**DATA FOR ANALYSIS**
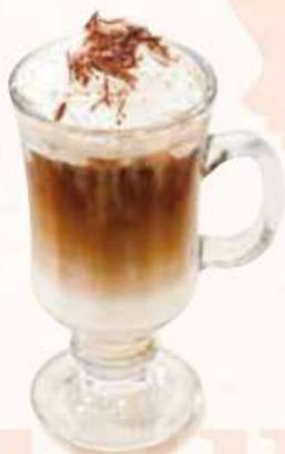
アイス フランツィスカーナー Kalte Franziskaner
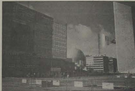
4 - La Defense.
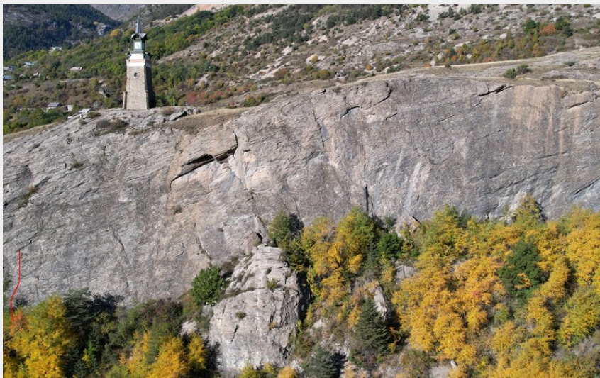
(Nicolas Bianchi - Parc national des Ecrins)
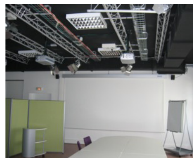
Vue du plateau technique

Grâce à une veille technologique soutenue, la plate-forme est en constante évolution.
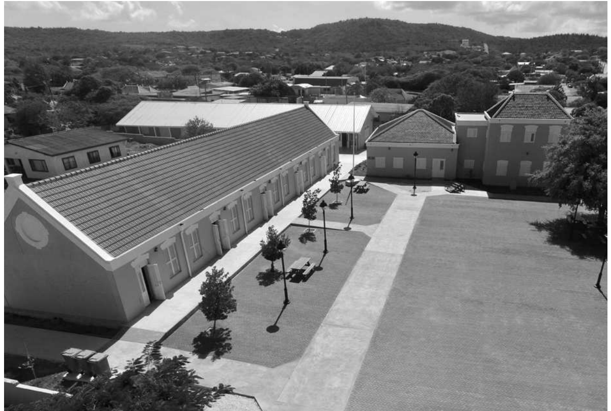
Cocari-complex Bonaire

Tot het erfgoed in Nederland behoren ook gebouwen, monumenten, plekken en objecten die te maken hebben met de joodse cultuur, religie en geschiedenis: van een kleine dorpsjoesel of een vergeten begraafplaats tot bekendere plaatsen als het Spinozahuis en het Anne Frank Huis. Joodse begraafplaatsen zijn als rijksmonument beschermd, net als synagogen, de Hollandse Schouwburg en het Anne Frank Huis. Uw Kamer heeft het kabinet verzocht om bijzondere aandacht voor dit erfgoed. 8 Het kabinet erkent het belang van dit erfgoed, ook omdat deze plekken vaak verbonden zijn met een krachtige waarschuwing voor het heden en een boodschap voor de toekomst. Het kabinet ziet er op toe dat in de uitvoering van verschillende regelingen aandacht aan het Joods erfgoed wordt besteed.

==

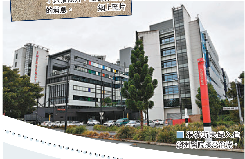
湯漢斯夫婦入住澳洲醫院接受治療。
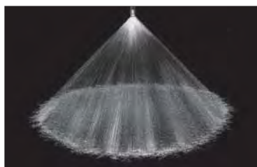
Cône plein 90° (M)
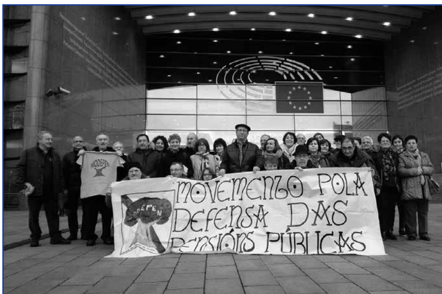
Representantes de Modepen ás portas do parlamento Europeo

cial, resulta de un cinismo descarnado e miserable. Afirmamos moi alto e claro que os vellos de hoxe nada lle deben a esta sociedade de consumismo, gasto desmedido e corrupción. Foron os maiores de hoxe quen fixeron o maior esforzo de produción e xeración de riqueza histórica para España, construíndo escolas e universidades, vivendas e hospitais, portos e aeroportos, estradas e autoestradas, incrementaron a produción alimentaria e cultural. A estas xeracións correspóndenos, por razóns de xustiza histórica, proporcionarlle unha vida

* * *

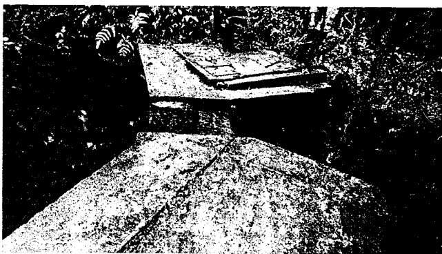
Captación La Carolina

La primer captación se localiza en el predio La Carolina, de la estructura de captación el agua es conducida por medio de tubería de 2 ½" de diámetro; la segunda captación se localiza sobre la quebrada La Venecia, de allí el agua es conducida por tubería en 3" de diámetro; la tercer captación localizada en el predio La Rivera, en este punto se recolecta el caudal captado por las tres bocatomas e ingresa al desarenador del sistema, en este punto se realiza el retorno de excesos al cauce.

**EXERCISE REQUIREMENTS**
In the records above, copy exactly everything from the line that has "Vue du plateau technique" down to the line that has "Cocari-complex Bonaire", both ends included, and leave out the pictures.

**ANSWER AREA**
Vue du plateau technique

Grâce à une veille technologique soutenue, la plate-forme est en constante évolution.
Cocari-complex Bonaire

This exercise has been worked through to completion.